Gradient Boosting for Beginners

A cherished child of Adaboost and learning theory, Gradient boosting is used to analyze instances that cannot be predicted accurately. Based on an assumption that the weak learners can be modified to get better results, it uses decision trees to arrive at prediction models.

In the pure layman terms, it is the process of simplifying an otherwise complex algorithm to get the nearest accurate results.

Before we get into details, here’s a quick recap of the basic definitions:

Boosting = Building iterative models from weak learners.

Ensemble = a combination of separate models.

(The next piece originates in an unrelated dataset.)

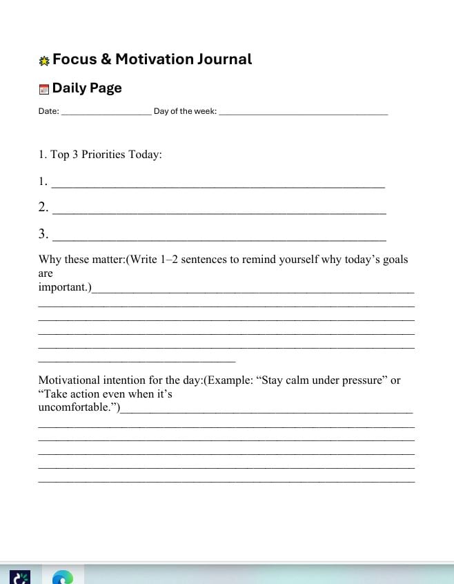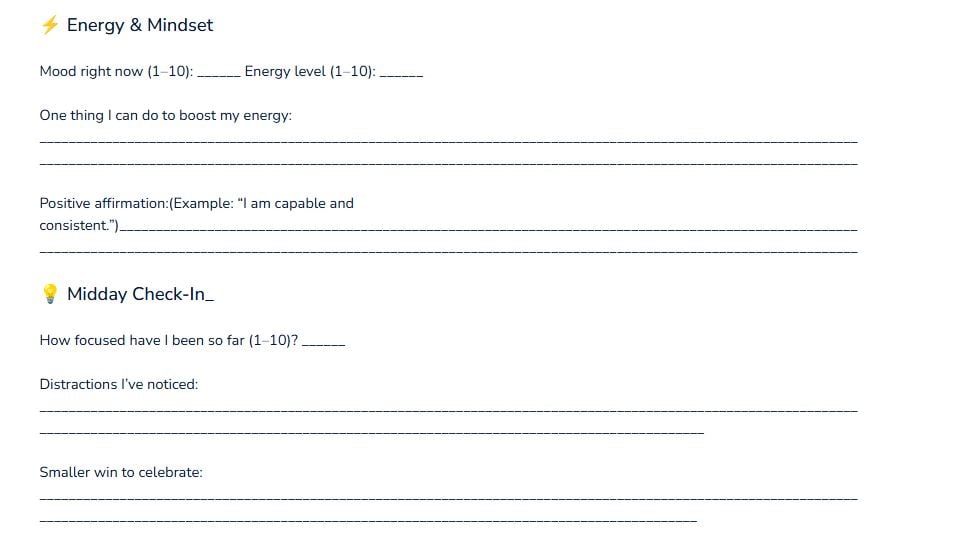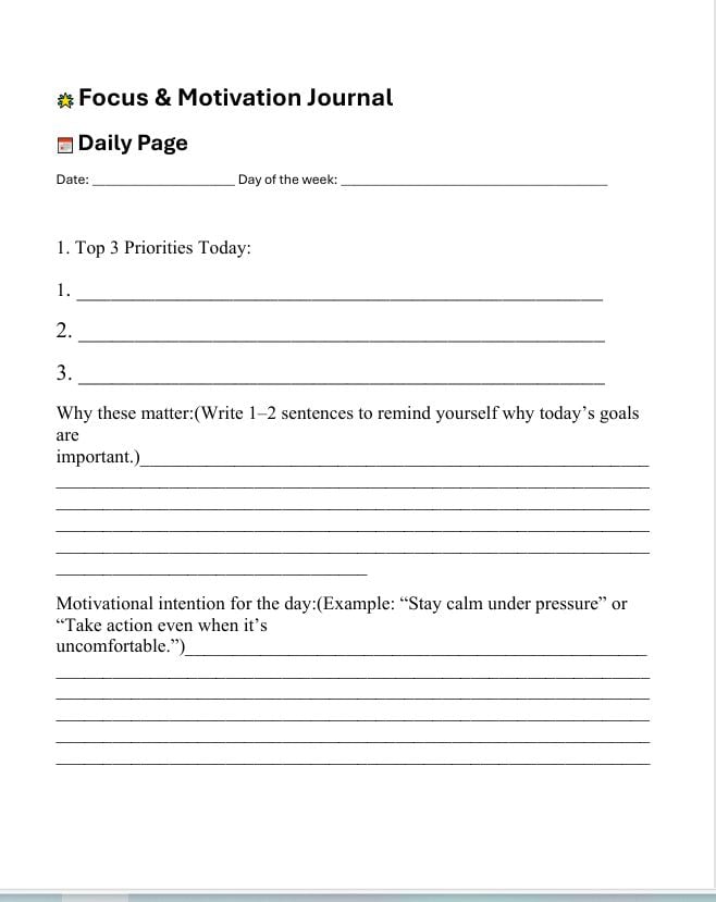 This document is a structured daily and weekly journal designed to help individuals prioritize tasks, track energy and mindset, monitor focus and distractions, reflect on accomplishments and challenges, and set intentions for the following day and week. It includes sections for listing top priorities, motivational intentions, mood and energy levels, midday check-ins, evening reflections, and weekly summaries of highlights, challenges, and motivation sources.

How Gradient Boosting Works:

In gradient boosting ensembles are added in stages. In every stage, weak learners are added to compensate for the existing weak learners. The shortcomings of the combined model are identified with gradients.

Gradient boosting is used for:

Regression
Classification
Ranking

The difficulty level increases from regression to classification to ranking.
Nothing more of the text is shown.